Massachusetts Man at Heart of Twisted Citizenship Case

     (CN) – A Massachusetts-born man says he spent 10 years in “unlawful exile” after the United States deported him, only to have his recently reissued U.S. passport revoked.
     Roberto Dominguez was “born and raised” in Lawrence, Mass., and has a birth certificate memorializing his birth there on Nov. 9, 1979, according to the federal complaint filed Thursday in Boston. To better distinguish the plaintiff from his family members, they are described by their first names in this article.
     Immigration problems for Roberto allegedly began when he pleaded guilty at age 17 to assault charges and was sentenced to two years in prison.
     Roberto says he completed his sentence only to find himself detained and then deported to the Dominican Republic.
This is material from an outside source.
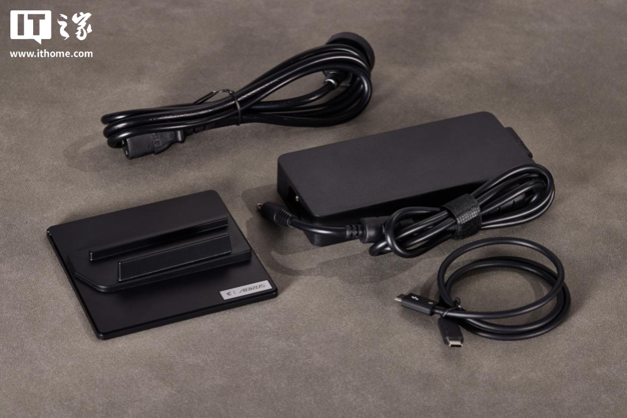 AORUS RTX 5060 Ti AI BOX 配备 330W 电源适配器、可以同时解决笔记本和拓展坞的供电,出门能少带一个笔记本的电源适配器。另外,AORUS RTX 5060 Ti AI BOX 还附送了立式底座以及一条雷电 5 传输线,无需挑选复杂线材,设备到手即可用。

     The citizenship confusion allegedly stems from the fact that Roberto’s parents later registered his birth in the Dominican Republic as well.
     Roberto says his mother, Juana, was undocumented and unmarried when she gave birth to him in Lawrence. She did not identify Juan Dominguez as Roberto’s father on the birth certificate and she did not give her own name at the hospital, according to the complaint. Instead she allegedly gave the name of Juan’s dead sister, just as she had for her whole unauthorized stay in the United States that year.
     Juan and Juana allegedly brought the infant Roberto to the Dominican Republic in December 1979 because they had left their two older children there. The couple married in the Dominican Republic that month and filed Roberto’s birth certificate there in January 1980, saying he had been born in Santiago on Nov. 4, 1979.
     “These steps were taken in order to simplify, in the family’s view, future immigration plans for Juana Dominguez and the three children – the birth registration established Juana and Juan Dominguez as the mother and father of Roberto Dominguez under their own names, and the civil marriage formally established Juan and Juana Dominguez’s existing relationship,” according to the complaint.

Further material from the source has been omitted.